▸ Your goal:
The copy has to match the data exactly and leave out every picture.

### Dataset section ###

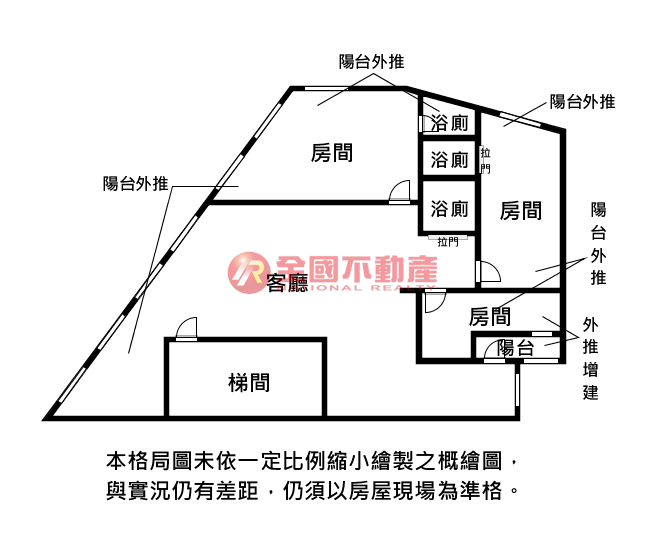 ※本格局圖係未依實際比例繪製之概繪圖。其比例、座向、格局、形狀等,仍須以房屋現場為準。
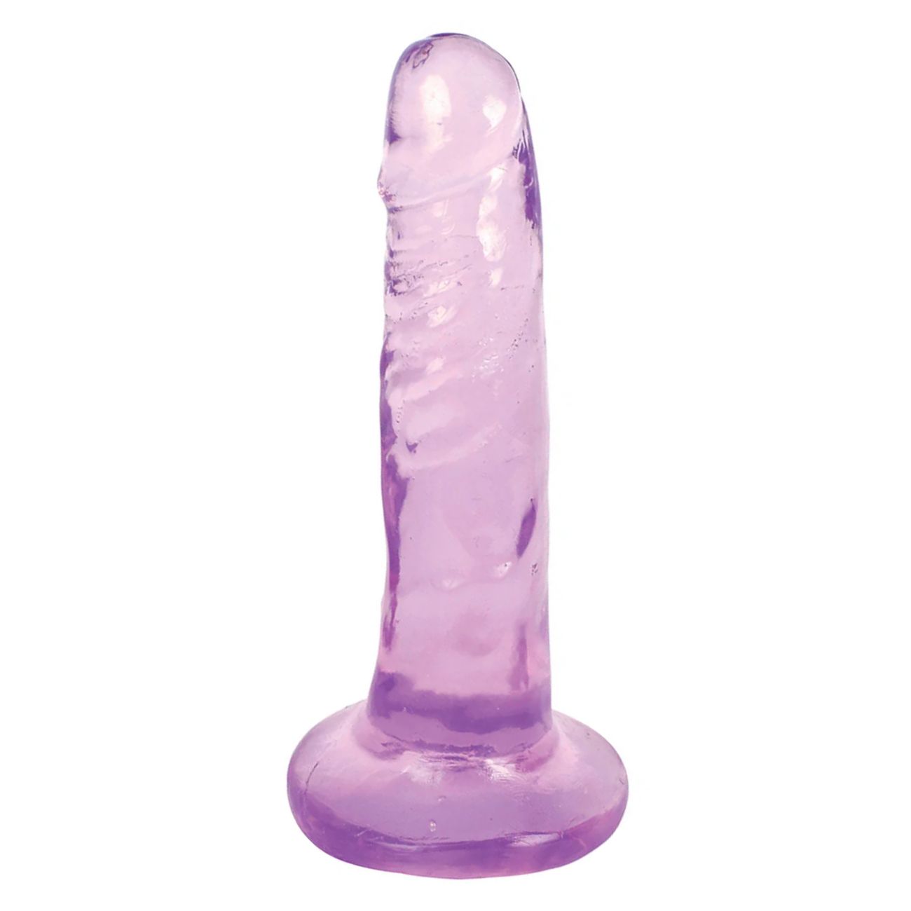 Игрушка сделана из прозрачного поливинилхлорида и похожа на застывшую льдинку. Она переливается на свету, радуя глаз яркими бликами. Модель обладает реалистичным, умеренно текстурированным стволом, копирующим естественный рельеф возбужденного пениса. На поверхности заметны неровности, складки и выступы. Верхняя часть увенчана реалистичной головкой, под которой заметны волнообразные складочки «крайней плоти». Мошонка отсутствует, зато внизу есть великолепная присоска для крепления на гладких поверхностях.
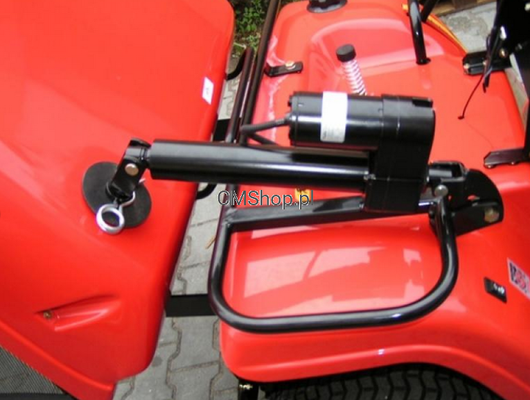 - Mocowanie układu koszącego za pomocą szybko-złączy, co ułatwia demontaż przy stosowaniu urządzeń dodatkowych jak spychacz czy szczotka, frez śnieżny

###

▸ Answer to the problem:
 ※本格局圖係未依實際比例繪製之概繪圖。其比例、座向、格局、形狀等,仍須以房屋現場為準。
 Игрушка сделана из прозрачного поливинилхлорида и похожа на застывшую льдинку. Она переливается на свету, радуя глаз яркими бликами. Модель обладает реалистичным, умеренно текстурированным стволом, копирующим естественный рельеф возбужденного пениса. На поверхности заметны неровности, складки и выступы. Верхняя часть увенчана реалистичной головкой, под которой заметны волнообразные складочки «крайней плоти». Мошонка отсутствует, зато внизу есть великолепная присоска для крепления на гладких поверхностях.
 - Mocowanie układu koszącego za pomocą szybko-złączy, co ułatwia demontaż przy stosowaniu urządzeń dodatkowych jak spychacz czy szczotka, frez śnieżny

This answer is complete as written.